→ Records for the exercise

▼

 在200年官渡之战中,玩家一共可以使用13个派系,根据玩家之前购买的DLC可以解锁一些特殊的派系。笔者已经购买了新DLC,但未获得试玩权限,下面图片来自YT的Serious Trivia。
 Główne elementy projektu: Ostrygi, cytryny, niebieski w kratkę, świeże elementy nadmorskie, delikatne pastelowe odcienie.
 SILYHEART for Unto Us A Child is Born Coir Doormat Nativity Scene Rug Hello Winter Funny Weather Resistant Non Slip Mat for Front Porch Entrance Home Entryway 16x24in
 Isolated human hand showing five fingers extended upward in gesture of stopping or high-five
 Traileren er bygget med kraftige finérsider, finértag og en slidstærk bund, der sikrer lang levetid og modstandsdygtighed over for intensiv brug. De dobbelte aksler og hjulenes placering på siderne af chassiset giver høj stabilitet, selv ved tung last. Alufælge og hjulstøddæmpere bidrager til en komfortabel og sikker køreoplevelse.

▲
▼

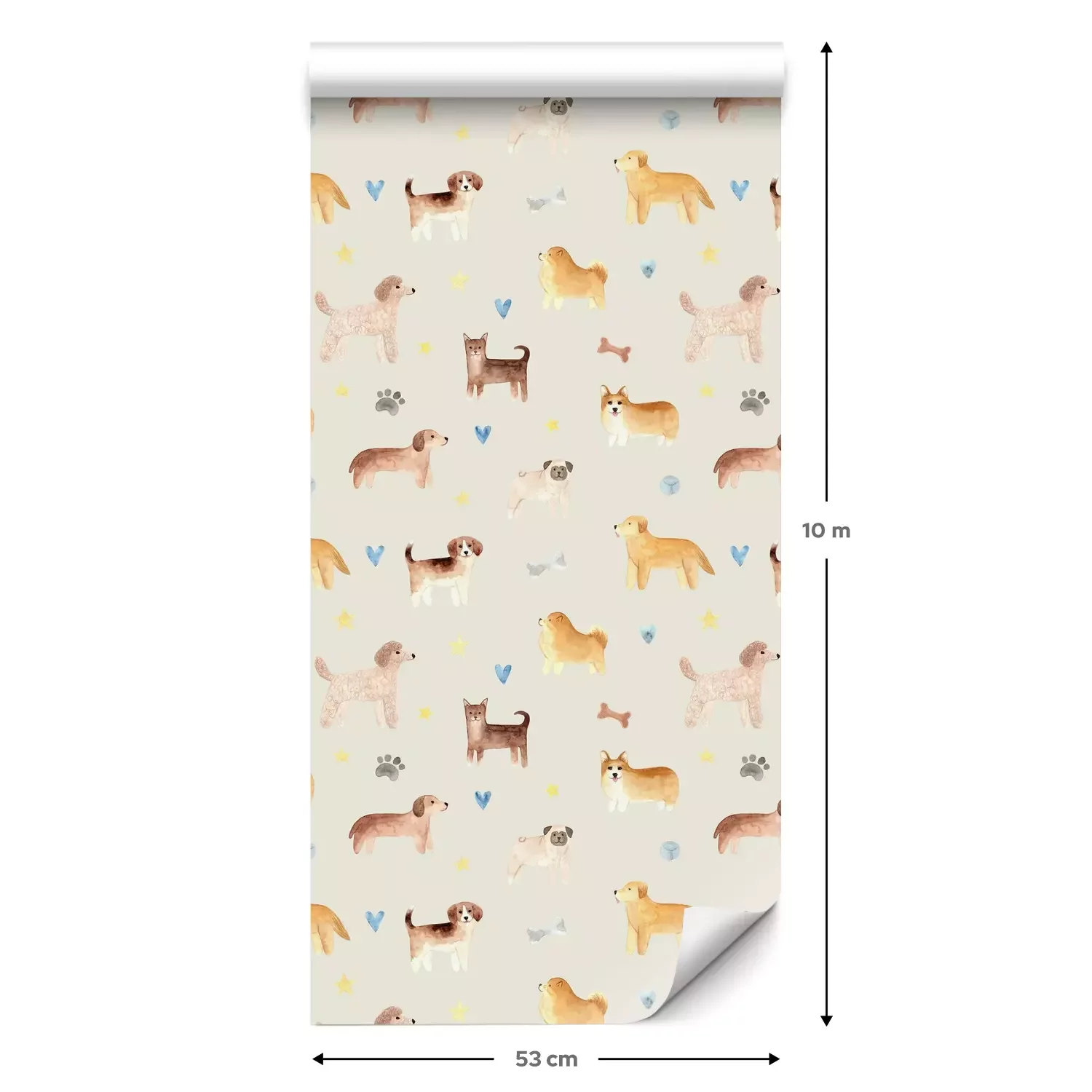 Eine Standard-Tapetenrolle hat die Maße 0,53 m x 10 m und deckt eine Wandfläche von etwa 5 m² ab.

▲
▼

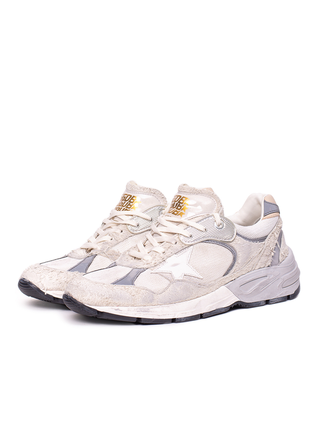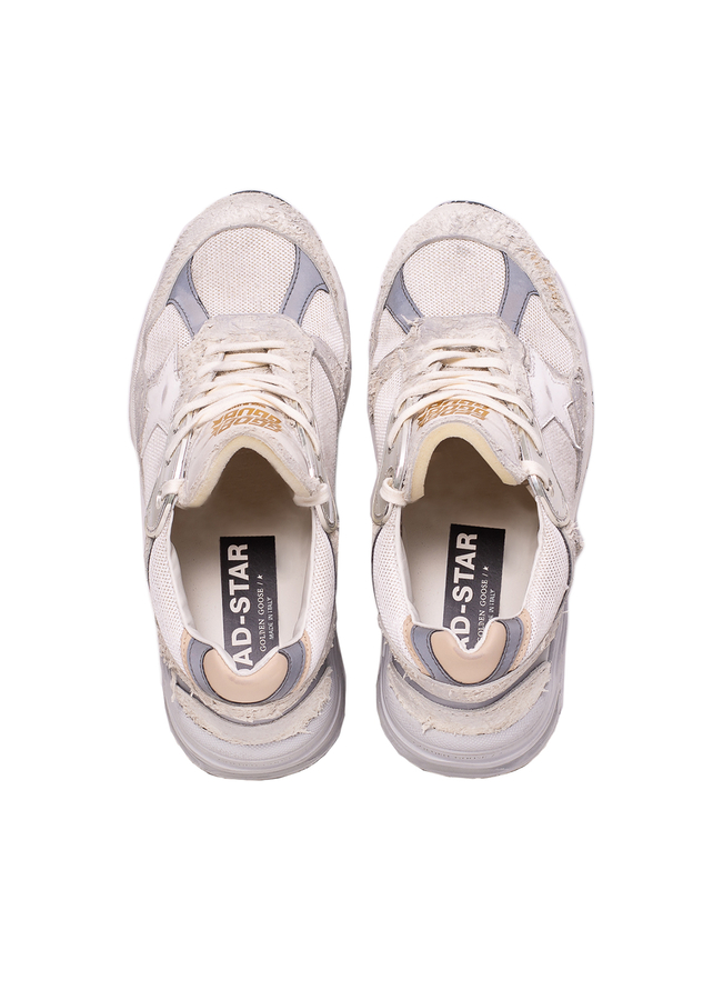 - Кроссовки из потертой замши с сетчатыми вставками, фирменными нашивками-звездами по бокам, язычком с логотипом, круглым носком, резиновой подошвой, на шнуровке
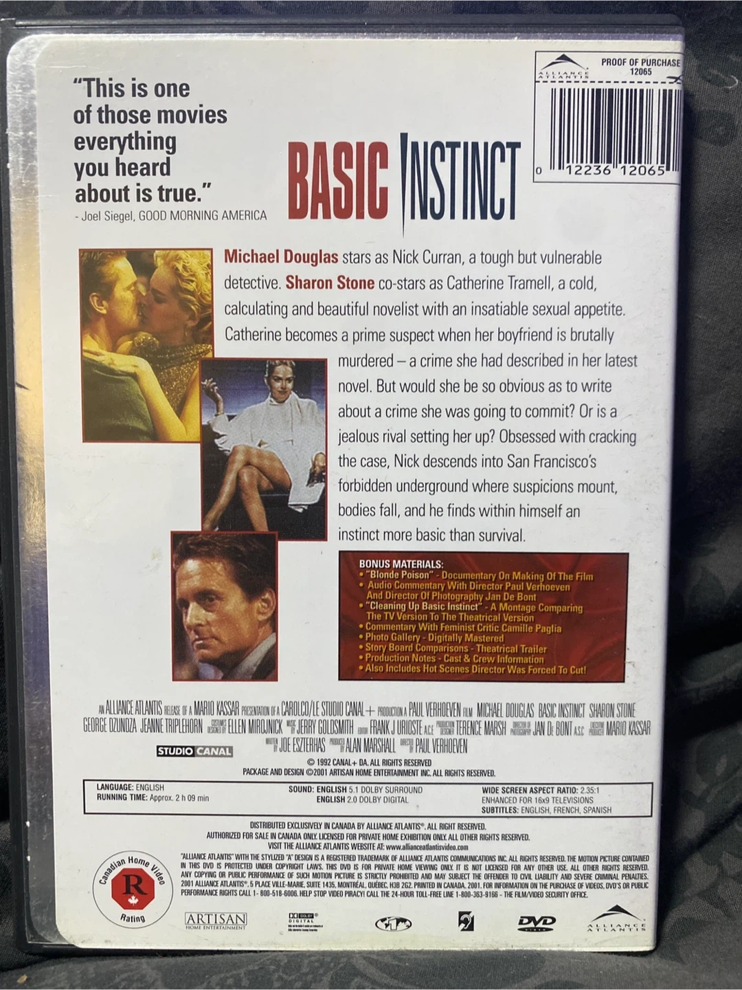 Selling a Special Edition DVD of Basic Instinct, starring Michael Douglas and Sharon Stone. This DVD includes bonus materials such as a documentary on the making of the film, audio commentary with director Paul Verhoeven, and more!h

▲

→ What you should do
Since only part of the listing is wanted, copy exactly the lines from the one holding "在200年官渡之战中,玩家一" to the one holding "Traileren er bygget", both included.

→ Output
 在200年官渡之战中,玩家一共可以使用13个派系,根据玩家之前购买的DLC可以解锁一些特殊的派系。笔者已经购买了新DLC,但未获得试玩权限,下面图片来自YT的Serious Trivia。
 Główne elementy projektu: Ostrygi, cytryny, niebieski w kratkę, świeże elementy nadmorskie, delikatne pastelowe odcienie.
 SILYHEART for Unto Us A Child is Born Coir Doormat Nativity Scene Rug Hello Winter Funny Weather Resistant Non Slip Mat for Front Porch Entrance Home Entryway 16x24in
 Isolated human hand showing five fingers extended upward in gesture of stopping or high-five
 Traileren er bygget med kraftige finérsider, finértag og en slidstærk bund, der sikrer lang levetid og modstandsdygtighed over for intensiv brug. De dobbelte aksler og hjulenes placering på siderne af chassiset giver høj stabilitet, selv ved tung last. Alufælge og hjulstøddæmpere bidrager til en komfortabel og sikker køreoplevelse.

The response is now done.